Thanks for the reply.
Can you give the full toplev command line?
~/pmu-tools/toplev.py --core S0-C0 -l3 --run-sample --no-desc taskset -c 0 ./run.sh
Playing a bit more with it:
~/pmu-tools/toplev.py --core S0-C0 -l3 --run-sample --no-desc taskset -c 0 sleep 1
# 4.7-full on Intel(R) Core(TM) i9-14900K [adl]
core FE Frontend_Bound % Slots 43.4 [11.0%]
core BE Backend_Bound % Slots 31.8 [22.0%]
core FE Frontend_Bound.Fetch_Latency % Slots 34.7 [22.0%]
core BAD Bad_Speculation.Machine_Clears % Slots 0.8 [11.0%]
core BE/Core Backend_Bound.Core_Bound % Slots 21.2 [22.0%]
core FE Frontend_Bound.Fetch_Latency.ICache_Misses % Clocks 17.1 [22.0%]
core FE Frontend_Bound.Fetch_Latency.ITLB_Misses % Clocks 6.5 [22.0%]
core FE Frontend_Bound.Fetch_Latency.Branch_Resteers % Clocks 32.4 [11.0%]<==
core FE Frontend_Bound.Fetch_Latency.MS_Switches % Clocks_est 11.5 [11.0%]
core BE/Mem Backend_Bound.Memory_Bound.L1_Bound % Stalls 5.9 [11.0%]
core BE/Core Backend_Bound.Core_Bound.Serializing_Operation % Clocks 35.1 [11.0%]
core BE/Core Backend_Bound.Core_Bound.Ports_Utilization % Clocks 45.2 [11.0%]

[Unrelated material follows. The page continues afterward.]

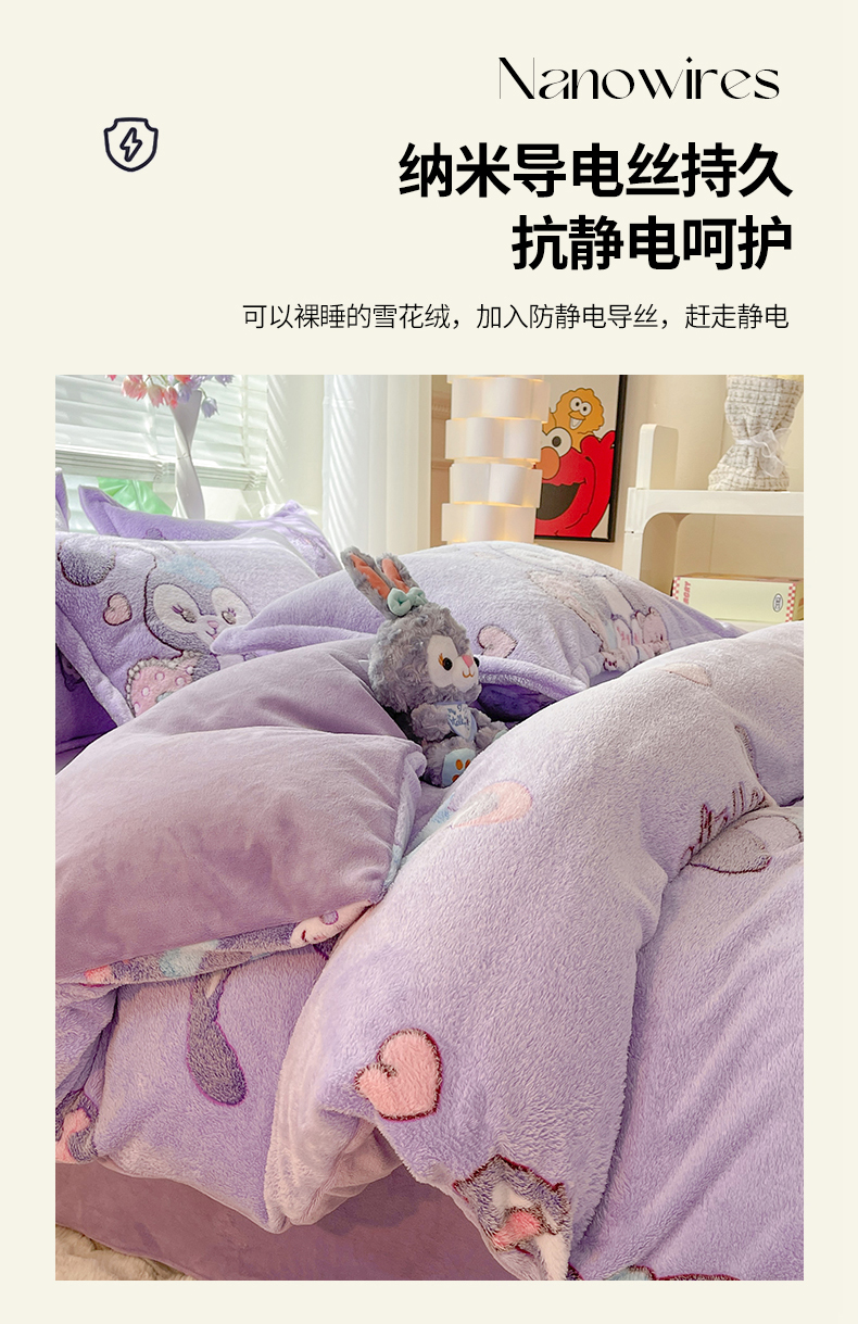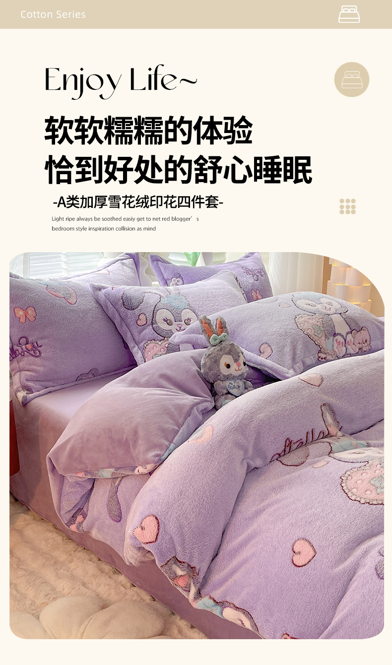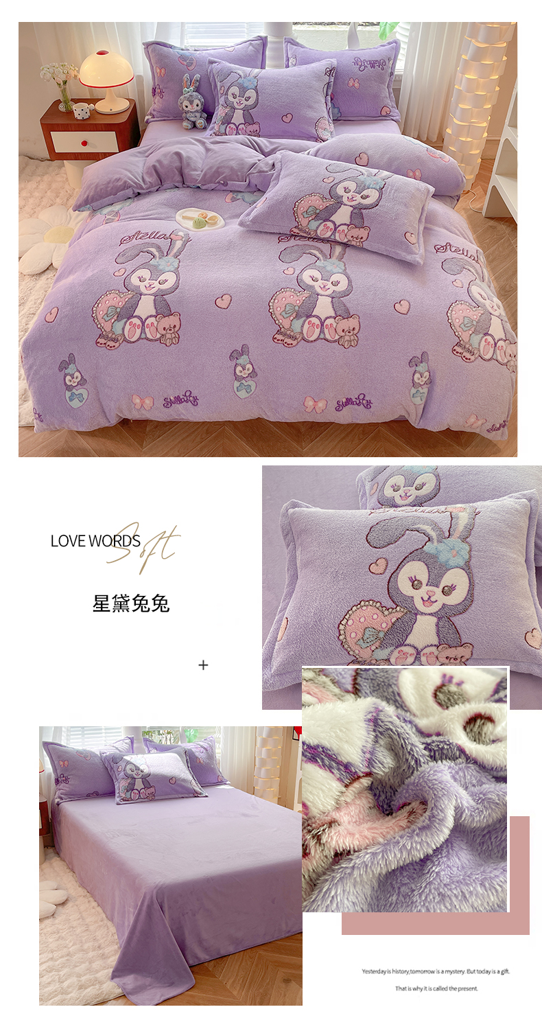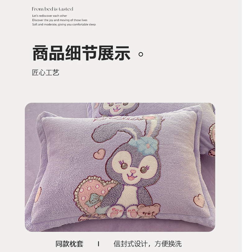 当前位置: 91家纺网 > 商品网购 > 床品套件 > 四件套 > 其它四件套 > 妖妖家纺 2024新款加厚雪花绒印花单品三件套四件套 星戴兔兔

core RET Retiring.Heavy_Operations.Microcode_Sequencer % Slots 2.7 [11.0%]
core MUX % 11.00
Run toplev --describe Branch_Resteers^ to get more information on bottleneck for core
Add --nodes '!+Branch_Resteers*/4,+Frontend_Bound.Fetch_Latency,+Frontend_Bound,+MUX' for breakdown.
Sampling:
perf record -g -e cpu_core/event=0xc5,umask=0x0,name=Branch_Resteers_BR_MISP_RETIRED_ALL_BRANCHES,period=400009/,cpu_core/event=0xc6,umask=0x1,frontend=0x14,name=ITLB_Misses_FRONTEND_RETIRED_ITLB_MISS,period=100007/pp,cpu_core/event=0xc6,umask=0x1,frontend=0x12,name=ICache_Misses_FRONTEND_RETIRED_L1I_MISS,period=100007/pp,cpu_core/event=0xc6,umask=0x1,frontend=0x13,name=ICache_Misses_FRONTEND_RETIRED_L2_MISS,period=100007/pp,cpu_core/event=0xc6,umask=0x1,frontend=0x601006,name=Fetch_Latency_FRONTEND_RETIRED_LATENCY_GE_16,period=100007/pp,cpu_core/event=0xc6,umask=0x1,frontend=0x600406,name=Frontend_Bound_FRONTEND_RETIRED_LATENCY_GE_4,period=100007/pp,cpu_core/event=0xc6,umask=0x1,frontend=0x600806,name=Fetch_Latency_FRONTEND_RETIRED_LATENCY_GE_8,period=100007/pp,cpu_core/event=0xc6,umask=0x1,frontend=0x8,name=MS_Switches_FRONTEND_RETIRED_MS_FLOWS,period=100007/,cpu_core/event=0xc6,umask=0x1,frontend=0x15,name=ITLB_Misses_FRONTEND_RETIRED_STLB_MISS,period=100007/pp,cpu_core/event=0xc3,umask=0x1,edge=1,cmask=1,name=Machine_Clears_MACHINE_CLEARS_COUNT,period=100003/,cpu_core/event=0xd1,umask=0x40,name=L1_Bound_MEM_LOAD_RETIRED_FB_HIT,period=100007/pp,cpu_core/event=0xd1,umask=0x1,name=L1_Bound_MEM_LOAD_RETIRED_L1_HIT,period=1000003/pp,cpu_core/event=0xa2,umask=0x2,name=Serializing_Operation_RESOURCE_STALLS_SCOREBOARD,period=100003/,cpu_core/event=0xa4,umask=0x2,name=Backend_Bound_TOPDOWN_BACKEND_BOUND_SLOTS,period=10000003/,cpu_core/event=0xc2,umask=0x4,frontend=0x8,name=Microcode_Sequencer_UOPS_RETIRED_MS,period=2000003/,cycles:pp -o perf.data -C 0 taskset -c 0 sleep 1
WARNING: A requested CPU in '0' is not supported by PMU 'cpu_atom' (CPUs 8-23) for event 'cycles:pp'
Error:
The sys_perf_event_open() syscall returned with 22 (Invalid argument) for event (cpu_atom/cycles:pp/).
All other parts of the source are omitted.